Ending currency manipulation would not require any government spending – a key political virtue during this time of Congressional gridlock. In fact, it would reduce the federal budget deficit by up to $266 billion dollars per year as the extra economic activity and employment it creates boosts tax revenues and reduces safety net spending. Ending currency manipulation would create jobs in every state, with gains from 8,200 jobs (2.64 percent of total employment) in the District of Columbia to 687,100 jobs (4.18 percent of employment) in California. Ending currency manipulation would likely create jobs in every Congressional District, with gains of up to 24,400 jobs (7.05 percent of employment) in the 17th District in CA.

The importance of exchange rate manipulation in driving global trade imbalances is clear. There is a near perfect correlation between official purchases of foreign exchange reserves and the global current account surpluses of currency manipulators, as shown in the Figure below.  Joe Gagnon has shown that causation runs from currency manipulation to trade surpluses, and not the other way around.[1]  The data shown in this graph exclude asset purchases by government-owned “sovereign wealth funds,”(SWFs) which now control over $6.3 trillion dollars in assets.  For example, the China Investment Corporation, one of three Chinese sovereign wealth funds, founded in 2007 with an initial investment of $200 billion, increased to $575 billion in 2013. If asset purchases by SWFs were included, this graph would reveal an even tighter correlation between purchases of foreign exchange and the current account surpluses of currency manipulators.

One important policy insight from this graph and from Gagnon’s research is that policymakers no longer need to estimate the equilibrium value of the yuan or any other manipulated currency; they also do not need to estimate the degree to which they are undervalued (as the Treasury attempts in its semi-annual Reports to Congress on Exchange Rate Policies).  The policy linkage goes directly from purchases of Foreign Exchange and other assets by foreign governments to increased trade and current account surpluses. Or, to put it another way, the simple fact that countries  purchase huge amounts of foreign assets is proof that exchange rates are out of alignment for moving trade closer to balance. Some have argued that because there has been some non-zero appreciation of the Chinese currency in recent years that this proves the importance of currency manipulation is much attenuated.  No, and the proof is that China continues to buy large amounts of U.S. assets, which keeps the appreciation of their currency smaller than it would otherwise have been absent this market distortion.

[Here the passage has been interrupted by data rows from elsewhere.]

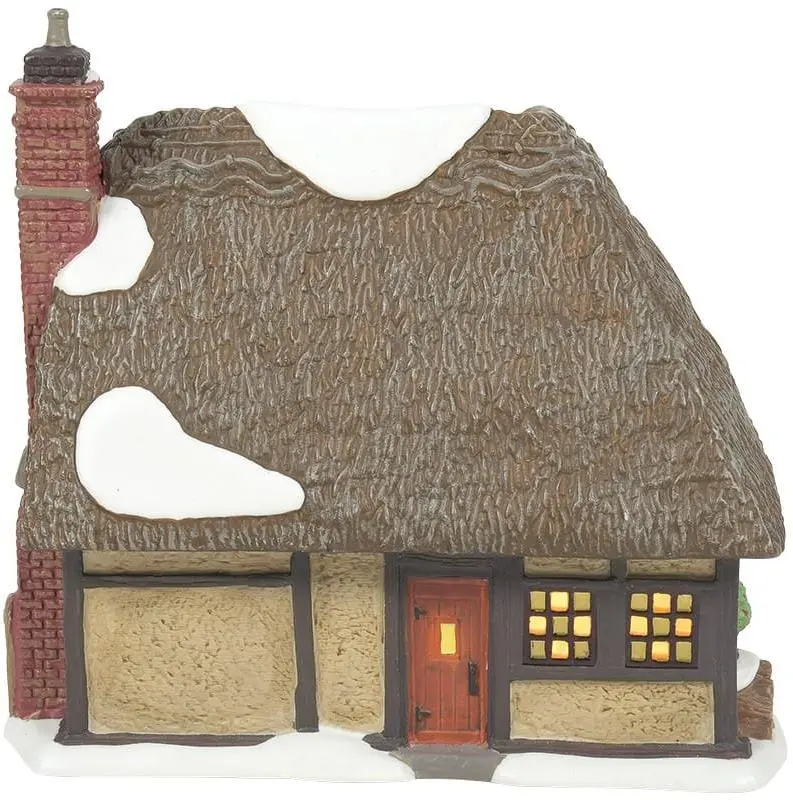 Een meester-thatcher's cottage met het traditionele rieten dak dat zo kenmerkend was voor het Engelse platteland. Een prachtig stuk dat dit ambachtelijke vakmanschap laat zien, tegen de sfeervolle achtergrond van kerst. Onderdeel van de Dickens Village-collectie van Department 56.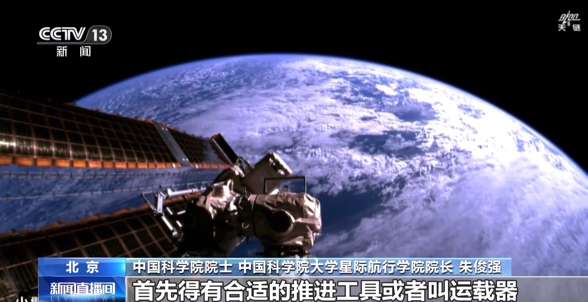 中国科学院院士、中国科学院大学星际航行学院院长 朱俊强:人要到太空去旅行或者进行星际航行,首先得有合适的推进工具或者叫运载器。现在就需要解决燃料问题,现在的燃料的热值还偏低,要把运载器推到更远的空间,它需要携带的燃料很多。如果将来燃料的热值很高,带少量的燃料就可以实现推进了。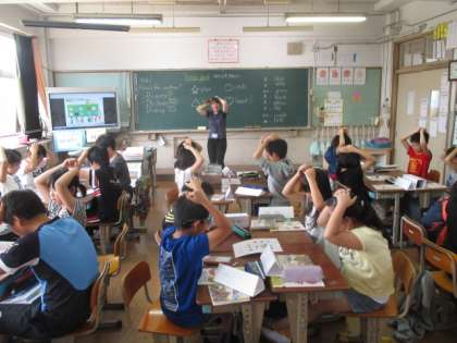 今日は,ALTの先生と一緒に色と形の英語の言い方を習いました。その後,習った言葉を使ってゲームをしました。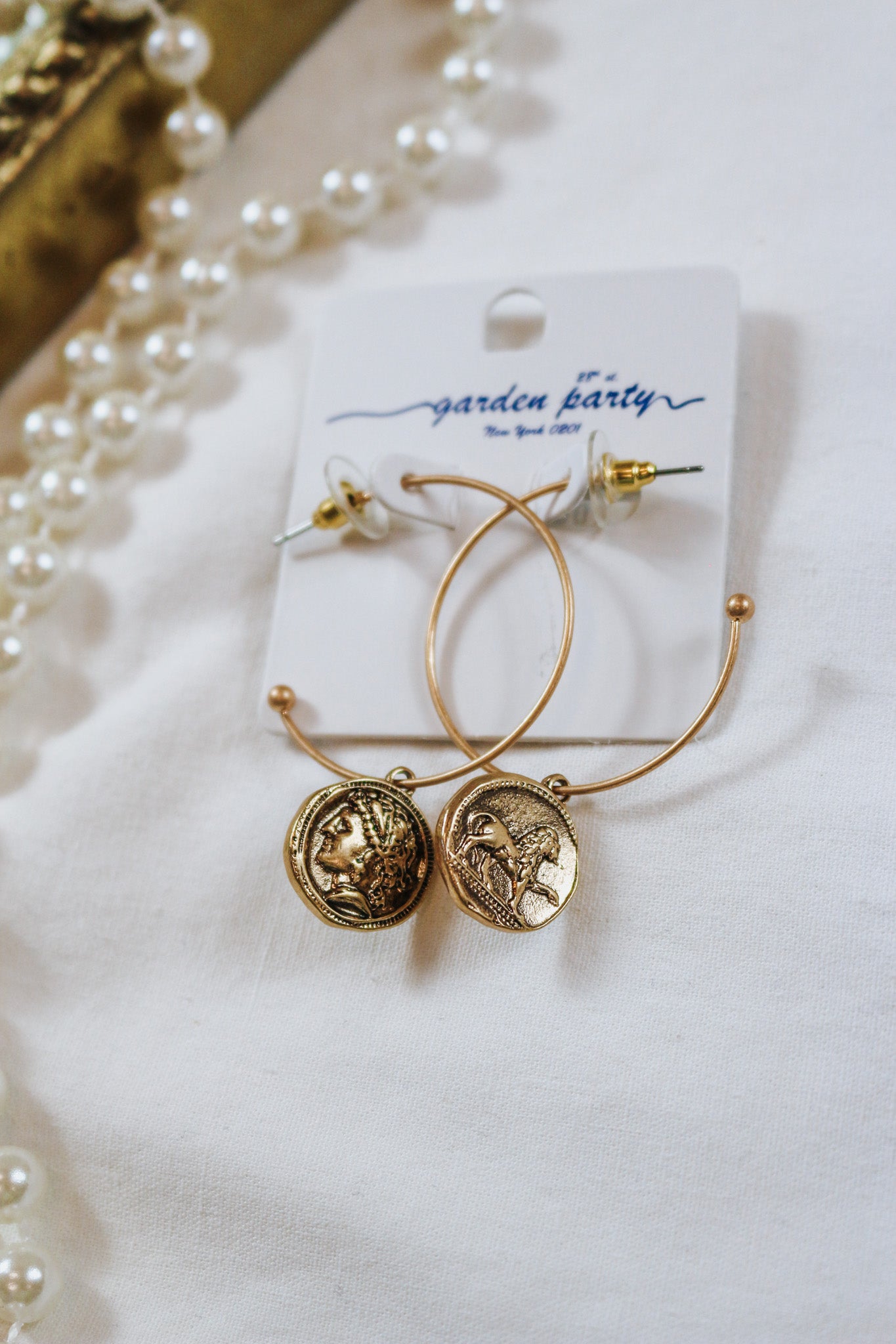 Gold 2" Hoop with Stamped Coin Charm Earring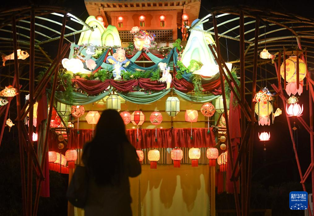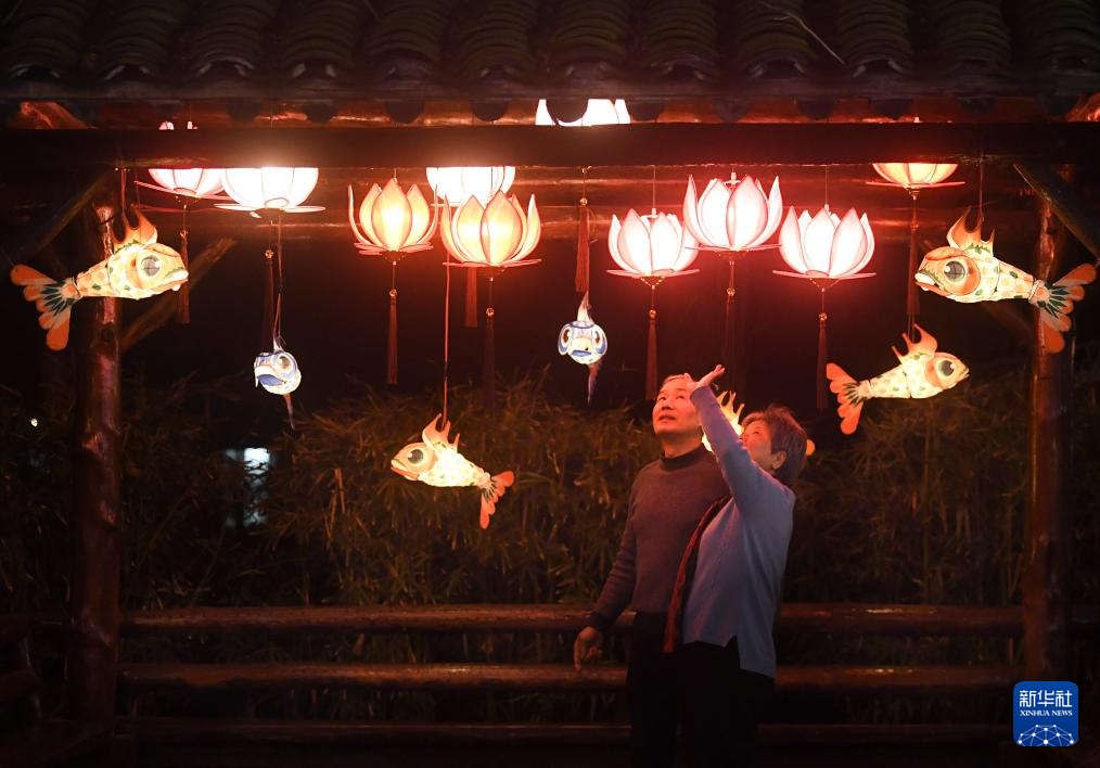春节临近,浙江省杭州市西溪国家湿地公园内千余盏定制花灯与市民见面,年味浓浓。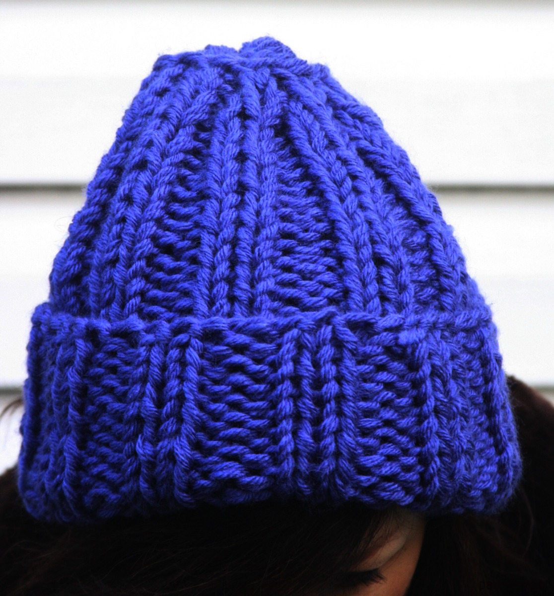 Ręcznie wykonana czapka w kolorze chabrowym.

Thus, for example, dollars have been pouring into China for more than a decade in search of Chinese goods, FDI and financial assets. But for China’s massive capital exports (as reflected in the $4 trillion it has invested in foreign assets since 2000), the value of the yuan would have risen much more rapidly than it has over the past decade.  The key to ending currency manipulation is to simply stop or offset purchases of U.S. assets by China and other currency manipulators.

There are a number of steps that Congress and President Obama can take to end currency manipulation, which would reduce our trade deficit and bring millions of manufacturing jobs back to the United States.  First, Congress should pass pending legislation (HR 1276 and S 1114) that would allow the Commerce Department to treat currency manipulation as a subsidy in countervailing duty trade cases. In addition, the President and federal agencies already possess the tools needed to end currency manipulation.  The Treasury and Federal Reserve administration have the authority needed to offset purchases of foreign assets by foreign governments by engaging in countervailing currency intervention.  By taking these steps, the U.S. government could make efforts by foreign governments to manipulate their currencies costly and/or ineffective.

Congress and the President have an opportunity to act now to end currency manipulation, a policy that will create 2.3 to 5.8 million jobs and increase U.S. GDP and reduce the budget deficit at no cost to the government.  What better legacy could the president leave behind than a fully employed labor force with a growing and revitalized manufacturing sector?   The key is to put an end to foreign purchases of U.S. assets—the markets will take care of the rest.

[1] Gagnon has estimated that a “country’s current account balance increases between 60 and 100 cents for each dollar spent on intervention.”